Yes, my wife went full-time remote with several co-workers during covid and it looks to remain permanent. Recently one of her co-worker's spouse needed to travel for work so she took 2 travel days off and when along with her husband and worked from the hotel during the day. 

From day one I've set our office up for everyone to work remotely if necessary. They can get phone calls and access their data anywhere in the world as if they were sitting in their office. I, personally, don't work well from home. Too many distractions. Plus I work reception so I feel more comfortable in the office.

 
 
 
Drinker of the Wry
Freshman Principal
2  Drinker of the Wry    2 months ago

I have teleworked since Apr 2020.  My office returned at 20% last Jan and 50% in March and 100% this month.  They remain very liberal with working from home  when that makes sense.  I've remained at home due to immune system issues.  This experience has greatly reduced our work travel as we've gotten good at meeting and collaboration with MS Teams and SharePoint sites.  

 
 
 
Split Personality
Professor Principal
3  Split Personality    2 months ago

Since my business transverses 4 time zones I began working my 9 hours and teleworking at night

to bag as many transactions as I could around 2008 from the east coast.
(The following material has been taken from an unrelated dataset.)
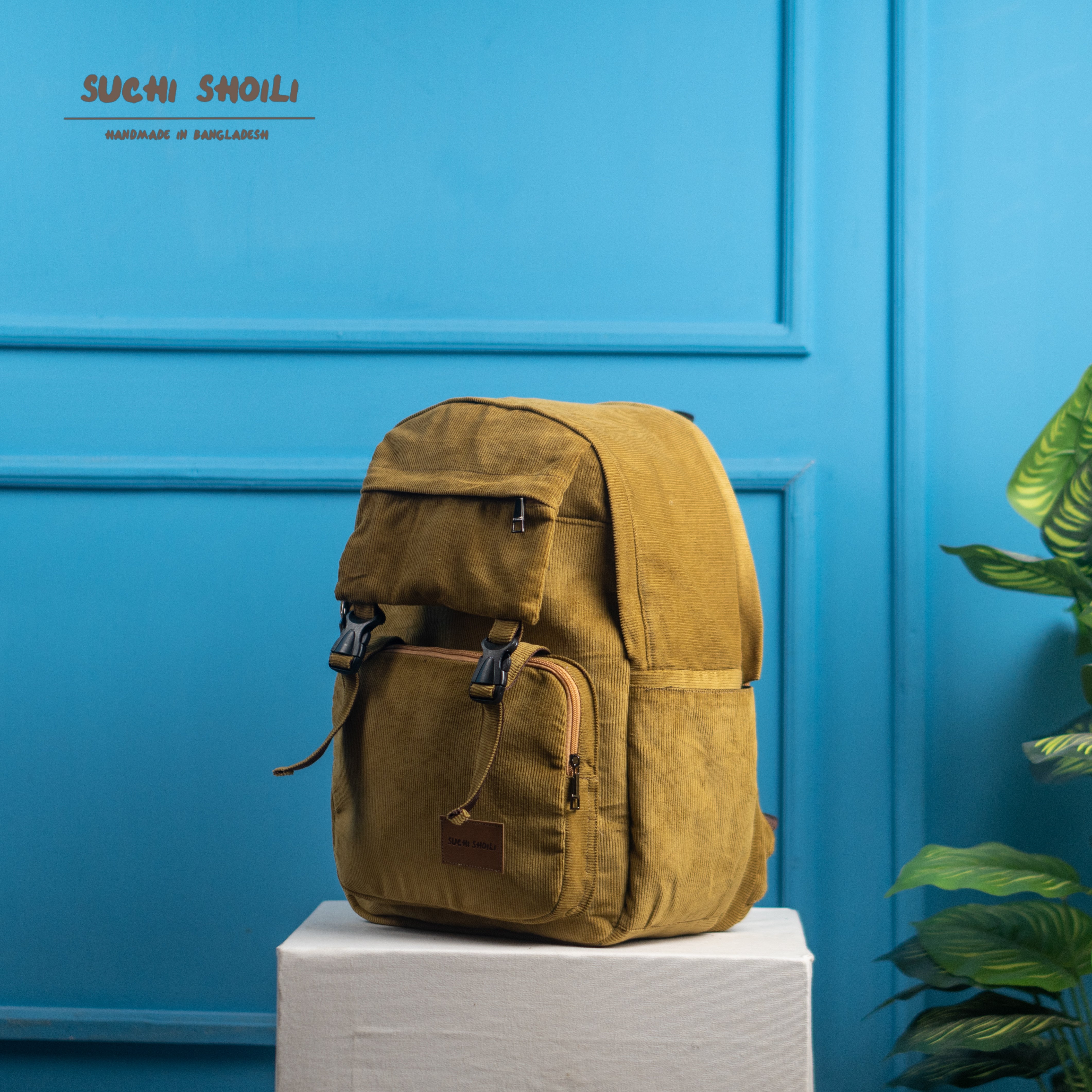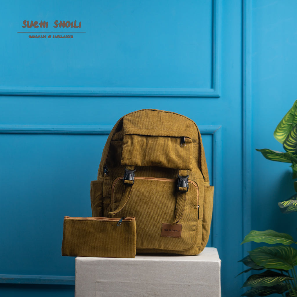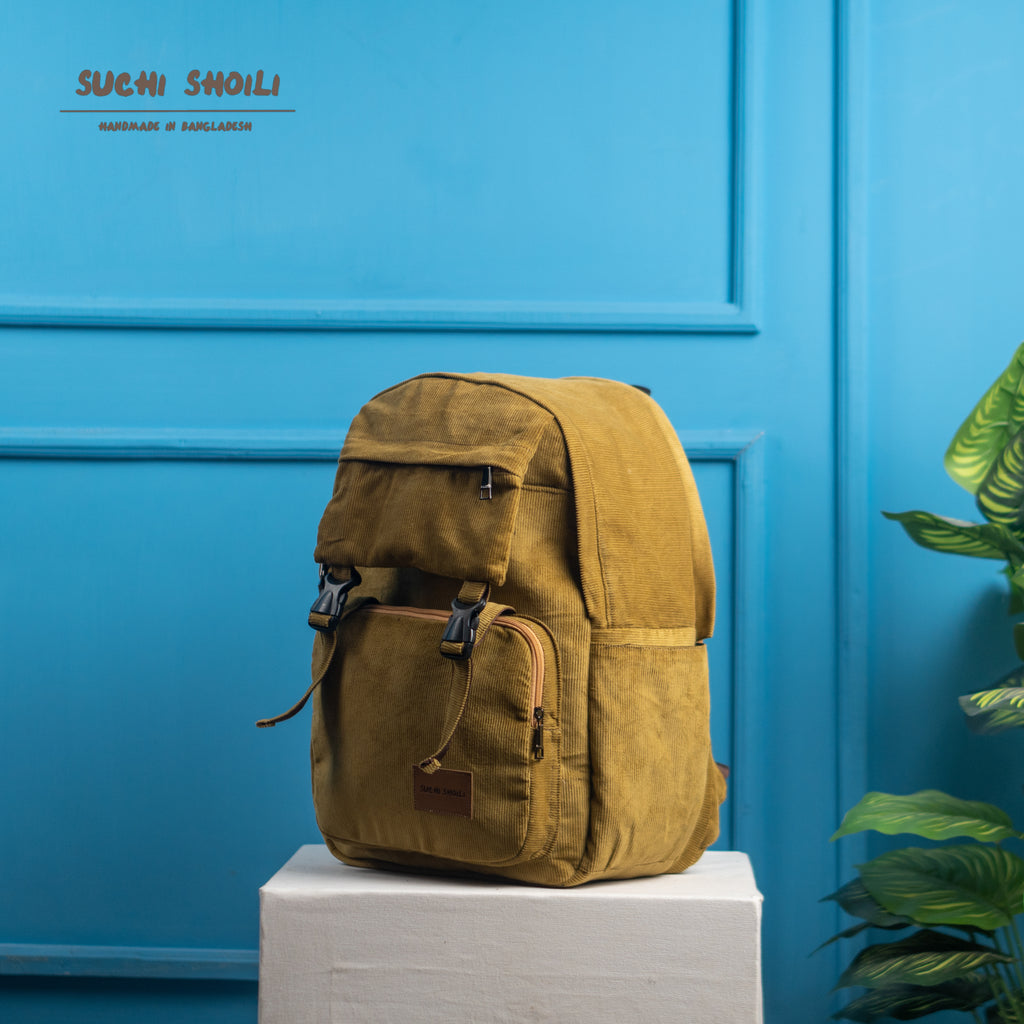 Lite Yellow Corduroy Fabric Metro Backpack

Eventually I moved to Texas where I teleworked from 6AM to 6PM which matched my brides work

schedule.  That wasn't good enough for my previous contractor so now I do it for myself when I want to.
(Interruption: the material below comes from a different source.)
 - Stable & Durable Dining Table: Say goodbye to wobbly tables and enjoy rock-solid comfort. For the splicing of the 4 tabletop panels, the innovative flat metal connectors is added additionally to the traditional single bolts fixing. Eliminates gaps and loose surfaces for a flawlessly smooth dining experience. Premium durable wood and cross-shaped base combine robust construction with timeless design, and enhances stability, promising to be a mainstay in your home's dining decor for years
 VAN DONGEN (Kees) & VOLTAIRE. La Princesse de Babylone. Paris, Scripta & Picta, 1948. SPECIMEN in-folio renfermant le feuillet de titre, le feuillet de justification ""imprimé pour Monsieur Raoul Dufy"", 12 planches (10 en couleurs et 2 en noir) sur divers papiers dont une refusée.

I make more working 4 to 6 hours a day now.

My wife worked from home for her international law firm throughout Covid as we approached retirement.

No complaints, only praise for the cook and the commute and the clean bathrooms.

 
 
 
Drinker of the Wry
Freshman Principal
3.1  Drinker of the Wry  replied to  Split Personality @3    2 months ago
No complaints, only praise for the cook and the commute and the clean bathrooms.

Here here, although I've found training new hires to be harder and slower.  Maybe if I didn't waste so much time here...

 
 
 
Split Personality
Professor Principal
3.1.1  Split Personality  replied to  Drinker of the Wry @3.1    2 months ago

LOL!

My wife did great, partly because new (younger) hires were so much more tech savy.

I had to maintain a certain amount of decorum ( pants and a nice shirt ) when she was training

her replacements using facetime, zoom, webex and actually sharing  docs etc. while

talking them through various tasks.  They still call but I think it's just to keep up with the "Suits"

like drama at the firm. 

 
 
 
Drinker of the Wry
Freshman Principal
3.1.2  Drinker of the Wry  replied to  Split Personality @3.1.1    2 months ago
I had to maintain a certain amount of decorum ( pants and a nice shirt )

Sometimes I wear a dress shirt and pajama bottoms.